Monday, May 02, 2005
The following are excerpts from the interrogation of captured Iraqi terrorist 'Adnan Elias. Al-Iraqiya TV aired this interrogation on April 21, 2005.
Interviewer: Your name?
'Adnan Elias: 'Adnan Muhammad Elias.
Interviewer: Date of birth?
'Adnan Elias: 1984.
Interviewer: What education do you have?
'Adnan Elias: I got to 4th grade, but I don't know how to read or write.
Interviewer: What do you do for a living?
'Adnan Elias: I clean for the municipality.
Interviewer: To what group do you belong?
'Adnan Elias: The Ansar Al-Sunna, sir.
Interviewer: We tied (the policeman) up and blindfolded him, and then threw him into the trunk. Then we went to the house of the Emir. We untied his hands and eyes, and then punished him.
Interviewer: How did you punish him?
'Adnan Elias: We whipped him.
Interviewer: You whipped him?
'Adnan Elias: Yes, Muhsin did.
Interviewer: And you?
'Adnan Elias: I didn't whip him. I just stood there holding the gun.
Interviewer: Go on.
'Adnan Elias: They told us to take him to the house of Habib 'Izzat Hamu. We took him out there. We said to him: "Why did you do this and that… Why are you after us?" He answered: "It's out of our hands. We get orders." Then we were told to bring a knife.
Interviewer: You slaughtered him?
'Adnan Elias: Yes, sir. Habib 'Izzat Hamu got the knife. He slaughtered him, and when he was dead, he opened his shirt buttons and cut open his stomach.
Interviewer: Who opened him up?
'Adnan Elias: Muhsin, sir.
Interviewer: When a doctor performs an operation he wears a surgeon's mask over his nose and mouth.

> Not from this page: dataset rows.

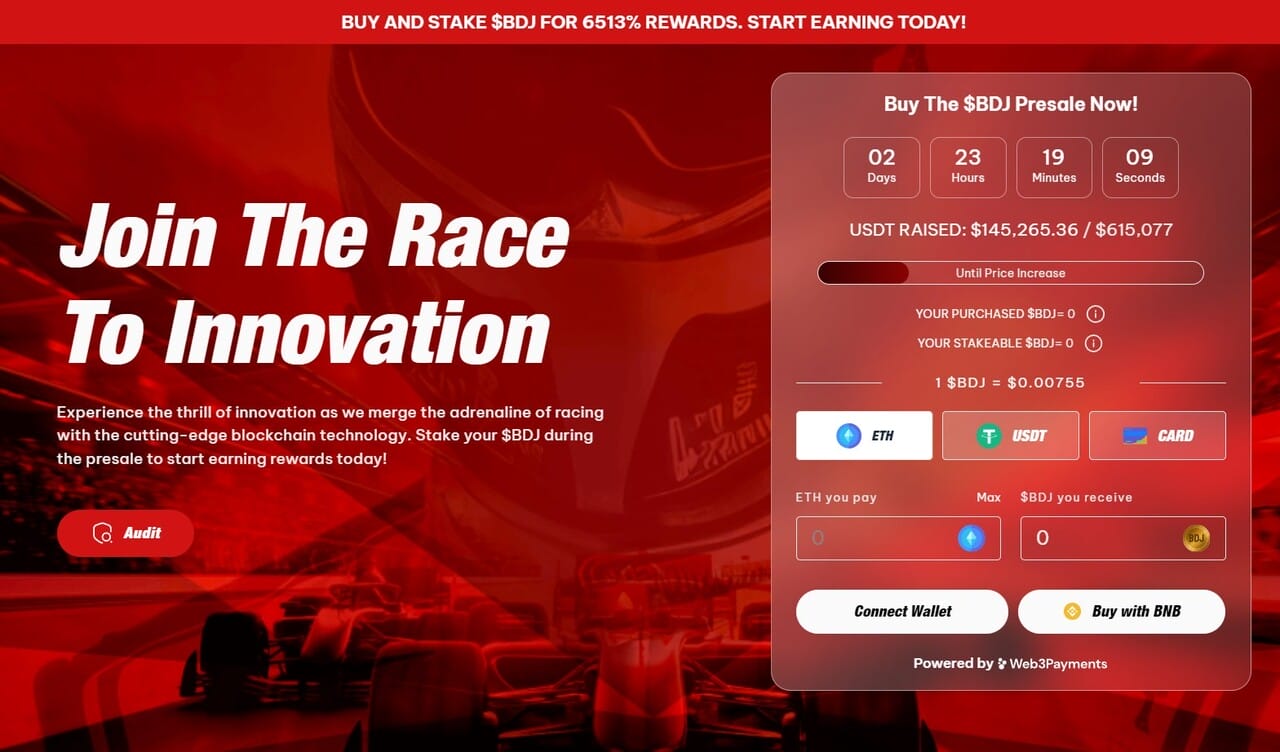该项目目前正处于预售阶段,早期投资者可以购买 $BDJ 代币,并将其质押以获得超过 6,000% 的丰厚收益率。由于这个年化收益率 (APY) 会下降,因此尽早质押是明智之举,尤其是如果你本来计划参与预售的话。关注 Race to a Billion 在 X 上获取最新动态。
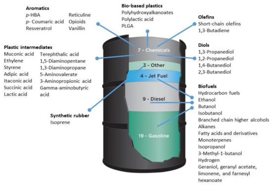 There have been hundreds if not thousands of metabolic engineering research papers where a bio-based chemical has been made in the research laboratory. Figure 2 illustrates some of the possibilities for replacing the oil barrel. It should be stressed that most of these successes have been in the laboratory. There has only been a tiny number of commercialisations, mainly due to difficulty in scale up to market.
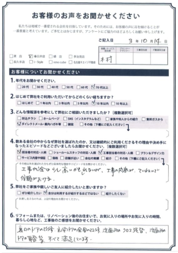 裏口のドアの改修、玄関ドアの金具の改修、洗面所のクロス張替、洗面所のドアの取替等 すべて満足しています。
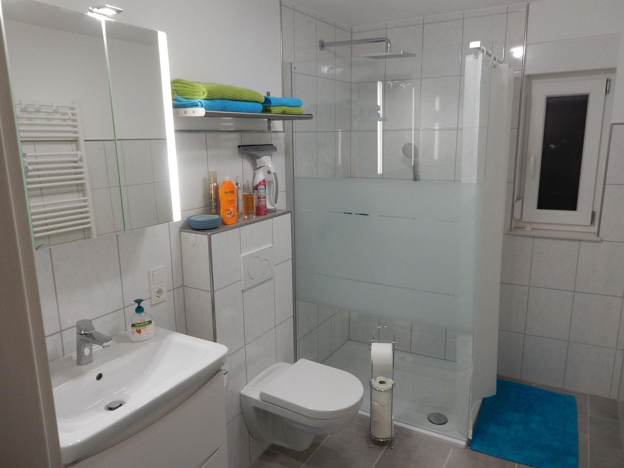 Das Bad Modernes, stilvolles Badezimmer mit Fenster, begehbare Regendusche, WC, Wandheizung für Handtücher, Großer Spiegelschrank, Haartrockner. Gerne stellen wir Ihnen Hand bzw. Duschtücher kostenfrei bereit.
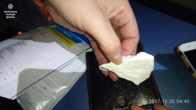 Патрульні застосували кайданки. А потім у присутності 2 свідків провели поверхневу перевірку громадянина. Як виявилося, йому було що приховувати. Поліцейські виявили у нього згорток з речовинами, схожими на наркотичні.
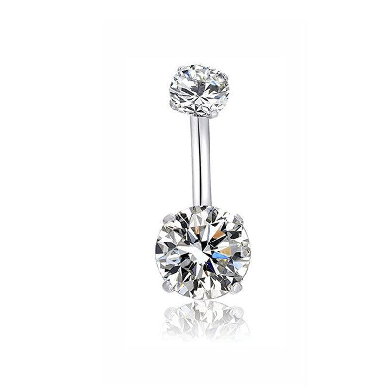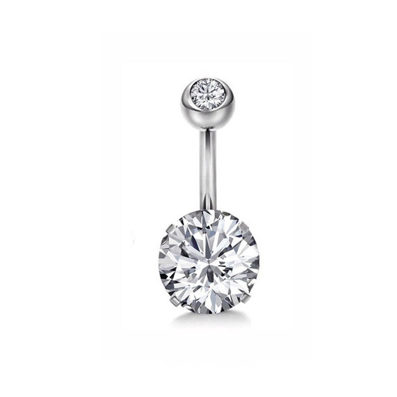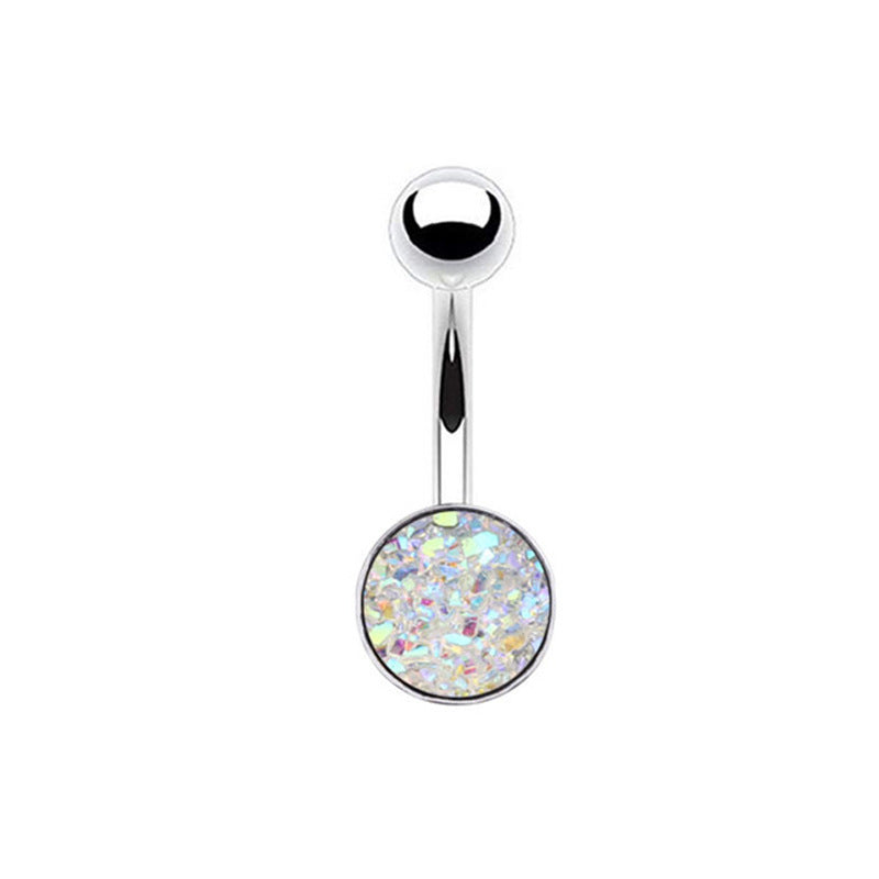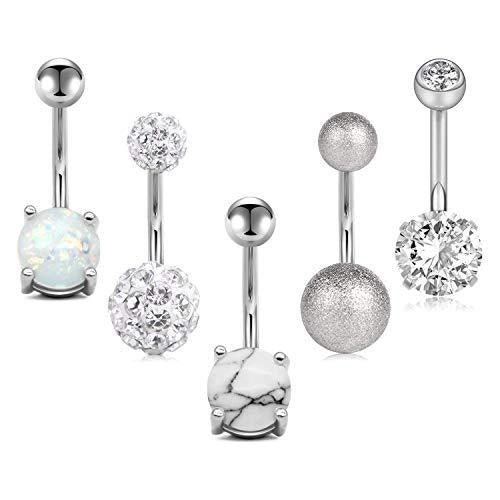 Geometric Stainless Steel Zircon & Opal Belly Ring Set - 5 Pieces Silver
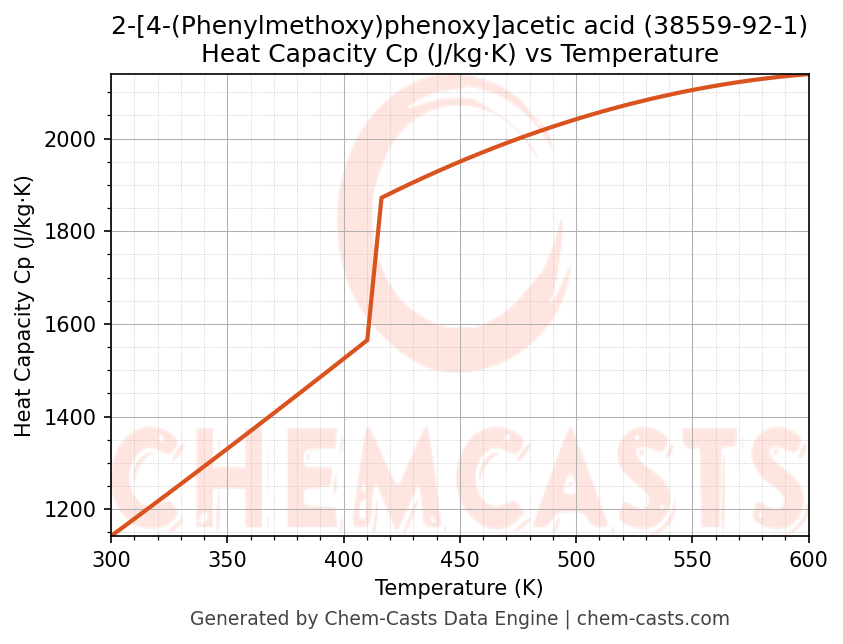 ![Heat Capacity (Cp) vs Temperature chart for 2-[4-(Phenylmethoxy)phenoxy]acetic acid (CAS 38559-92-1)](https://chemcasts-prod.s3.ap-south-1.amazonaws.com/chem_plots_pconst/38559-92-1-cp.png)
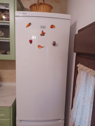 Frigorífico combi en muy buen estado y funcionando sin problemas. Enfría y congela perfectamente. Ideal para piso de alquiler, garaje, segunda vivienda o como nevera auxiliar. - Sistema: Frío estático (con escarcha) - Iluminación y juntas en buen estado - Limpio y listo para usar
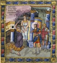 David glorified by the women of Israel from the Paris Psalter, example of the Macedonian art (Byzantine) (sometimes called the Macedonian Renaissance)
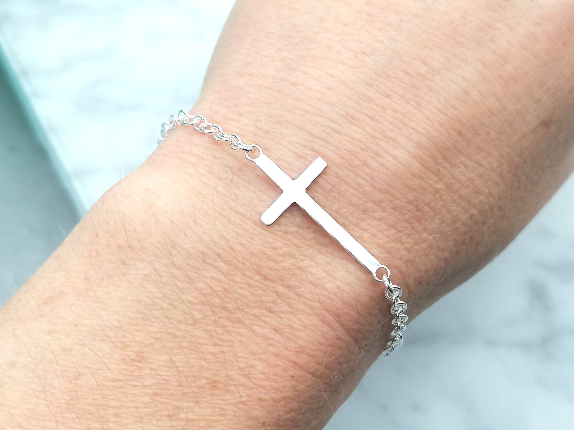 Celebrate your faith with our sterling silver sideways cross bracelet. With its adjustable design, it can make a meaningful holy communion or confirmation gift for any age or a lovely treat for yourself. This simple yet elegant piece is crafted to last and symbolises faith and devotion.

'Adnan Elias: No sir, he didn't wear one.
Interviewer: He didn't wear one?
'Adnan Elias: No sir, he didn't wear one. He cut open his stomach and took stuff out.
Interviewer: What did he take out?
'Adnan Elias: I don't know, his guts.
Interviewer: Weren't you nauseous? Didn't you vomit?
'Adnan Elias: You mean Muhsin?
Interviewer: No, you.
'Adnan Elias: I was standing a little bit aside.
Interviewer: And he didn't vomit or get nauseous?
'Adnan Elias: No, sir.
Interviewer: What is he, Dracula?
'Adnan Elias: Huh?
Interviewer: Go on.
'Adnan Elias: Yes, sir. He opened him up, took stuff out, and put TNT and explosives inside. Then he sewed up his stomach with thick thread.
Interviewer: With thread?
'Adnan Elias: Yes. And a needle. He put the buttons back in place...
Interviewer: He buttoned him up.
'Adnan Elias: Yes, he buttoned him up. We were told to take him in the car near the square in Tel A'far. We threw him there and placed his head back on his shoulders.
Interviewer: My God!
'Adnan Elias: 15 to 30 minutes later they told his family to come and get their son. His father came with two policemen. They picked up the body and made no more than two steps – we were standing far away – Ahmad Sinjar pressed the button.
Interviewer: By remote control.
'Adnan Elias: The body exploded on them, and they died.
Interviewer: So his father and the two policemen died.
'Adnan Elias: Yes sir, and we took off.
Reading stuff like this, it's hard not to feel oneself channelling Kurtz from Conrad's Heart of Darkness: "The horror, the horror, exterminate the brutes."